In other words, the U3 measure of unemployment can decline for two different reasons: the economy can create more employment opportunities or people become discouraged and stop looking for jobs. Discouraged workers move into the U6 category where they are counted as unemployed until they have been discouraged for more than one year when they are no longer officially considered to be part of the labor force. The U6 unemployment rate can rise as short-term discouraged workers are dropped out of the U3 measure and moved into the U6 measure, and the U6 rate can fall when the workers become long-term discouraged and are officially removed from the labor force.
Think about this for a minute. The BLS admits that the US unemployment rate that includes people who have been discouraged about finding a job for less than one year is 13.2%. The official line is that the US economy has been enjoying a recovery since June 2009. How is there a recovery when 13.2% of the population is unemployed?
This question becomes even more pointed when the long-term–more than one year–discouraged workers who cannot find a job are included in the measure of unemployment. The US government does not provide such a measure. However, John Williams (shadowstats.com) does. His estimate produces a 23.2% rate of US unemployment. An increase in the number of long-term discouraged workers is consistent with the drop in the US labor force participation rate from 66% in December 2007 to 63% in November 2013.
There is no such thing as a recovery with 23.2% unemployment.
So, if there is no economic recovery, why are stock and bond prices so high, at all-time records? The answer is simple. The Federal Reserve is printing $1,000 billion new dollars annually and the newly created money is going into the bond and stock markets, driving them to high bubble levels.

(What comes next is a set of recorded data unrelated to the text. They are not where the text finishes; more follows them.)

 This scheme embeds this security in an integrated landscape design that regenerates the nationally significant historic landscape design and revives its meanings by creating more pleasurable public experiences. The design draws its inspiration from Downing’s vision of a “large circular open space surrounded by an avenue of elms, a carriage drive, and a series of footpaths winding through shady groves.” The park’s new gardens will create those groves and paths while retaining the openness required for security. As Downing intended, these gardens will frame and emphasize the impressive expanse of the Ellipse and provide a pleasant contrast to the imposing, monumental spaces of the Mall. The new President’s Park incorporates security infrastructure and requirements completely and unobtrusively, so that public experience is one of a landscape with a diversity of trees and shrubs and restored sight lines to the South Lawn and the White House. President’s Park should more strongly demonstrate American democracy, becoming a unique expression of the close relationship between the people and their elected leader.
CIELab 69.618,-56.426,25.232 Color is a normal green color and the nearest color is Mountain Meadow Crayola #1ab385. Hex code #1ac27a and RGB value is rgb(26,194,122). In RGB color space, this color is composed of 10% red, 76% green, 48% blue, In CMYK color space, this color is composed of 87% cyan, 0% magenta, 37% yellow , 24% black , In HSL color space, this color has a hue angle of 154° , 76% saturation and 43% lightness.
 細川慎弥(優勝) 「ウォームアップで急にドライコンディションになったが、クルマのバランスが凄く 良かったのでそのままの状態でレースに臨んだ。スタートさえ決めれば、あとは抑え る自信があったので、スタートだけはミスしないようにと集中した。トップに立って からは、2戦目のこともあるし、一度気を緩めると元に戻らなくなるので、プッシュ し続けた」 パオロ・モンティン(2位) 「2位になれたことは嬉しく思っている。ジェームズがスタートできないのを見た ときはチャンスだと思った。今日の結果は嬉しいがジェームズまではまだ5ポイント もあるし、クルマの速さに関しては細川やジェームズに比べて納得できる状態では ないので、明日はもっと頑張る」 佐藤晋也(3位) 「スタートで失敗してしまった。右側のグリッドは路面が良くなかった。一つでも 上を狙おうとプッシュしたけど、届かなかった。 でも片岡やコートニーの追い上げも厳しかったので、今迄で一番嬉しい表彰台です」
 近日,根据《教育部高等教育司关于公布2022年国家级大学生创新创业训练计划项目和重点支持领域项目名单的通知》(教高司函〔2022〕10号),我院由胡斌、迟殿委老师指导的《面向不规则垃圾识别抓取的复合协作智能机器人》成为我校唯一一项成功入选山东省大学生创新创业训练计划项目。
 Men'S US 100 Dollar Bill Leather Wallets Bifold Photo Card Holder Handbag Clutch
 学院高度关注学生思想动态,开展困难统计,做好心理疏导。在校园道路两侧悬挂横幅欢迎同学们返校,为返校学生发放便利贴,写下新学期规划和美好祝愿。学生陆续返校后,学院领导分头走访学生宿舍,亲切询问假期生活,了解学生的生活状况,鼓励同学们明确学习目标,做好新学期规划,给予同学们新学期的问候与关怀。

So here sits the US economy with substantial unemployment, with massive trade and budget deficits that are taxing the US dollar’s credibility, with the labor force participation rate declining because there are no jobs to be found, and we are enjoying economic recovery with bond and stock prices at historic highs.
If this isn’t enough of a puzzle, consider the official second estimate of third quarter GDP growth. According to this estimate, the US economy expanded at a 3.6% rate in the third quarter; yet official U6 unemployment is 13.2%.

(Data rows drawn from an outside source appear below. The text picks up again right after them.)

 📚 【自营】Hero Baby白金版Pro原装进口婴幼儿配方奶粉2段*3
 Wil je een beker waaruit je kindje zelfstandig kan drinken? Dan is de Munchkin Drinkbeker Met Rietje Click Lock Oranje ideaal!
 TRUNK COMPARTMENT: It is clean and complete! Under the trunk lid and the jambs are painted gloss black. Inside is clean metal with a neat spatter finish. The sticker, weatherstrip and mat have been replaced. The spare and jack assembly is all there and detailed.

And if you believe the government, there is no inflation either. Yes, I know, your grocery bills go up each month.
Keep in mind that many of the new November payroll jobs could reflect seasonal hiring gearing up for the Christmas sales season. Remember, the payroll survey counts one person with two part-time jobs as two jobs.
Economic recovery requires a growth in real median family income and/or an increase in consumer debt, and, except for a rise in student loan debt, there is no sign of either.
US real median household income has declined from $56,189 in 2007 to $51,371 in 2012, a decline of $4,818 or 8.6%. http://www.deptofnumbers.com/income/us/ [1]
US real per capita income has declined from $29,554 in 2007 to $27,319 in 2012, a drop of $2,235 or 7.5%.
How do consumers take on more debt in order to finance their consumption when their real incomes are falling? The growth in consumer credit outstanding is due to student loan growth.
I have not seen the establishment’s explanation of how recovery can occur without growth in real purchasing power either from rising real incomes or rising consumer indebtedness.
According to the Bureau of Labor Statistics, there are 1,277,000 fewer seasonally adjusted payroll jobs in November 2013 than in December 2007.
How it is possible for the economy to have been in recovery since June 2009 (according to the National Bureau of Economic Research) and there are 1,277,000 fewer jobs today than existed six years ago prior to the recession?
How has real Gross Domestic Product recovered when jobs and real consumer incomes have not?
These are among the many questions that go unasked and unanswered.
Statistician John Williams says that the economic recovery is a statistical illusion created by deflating nominal GDP with an understated measure of inflation.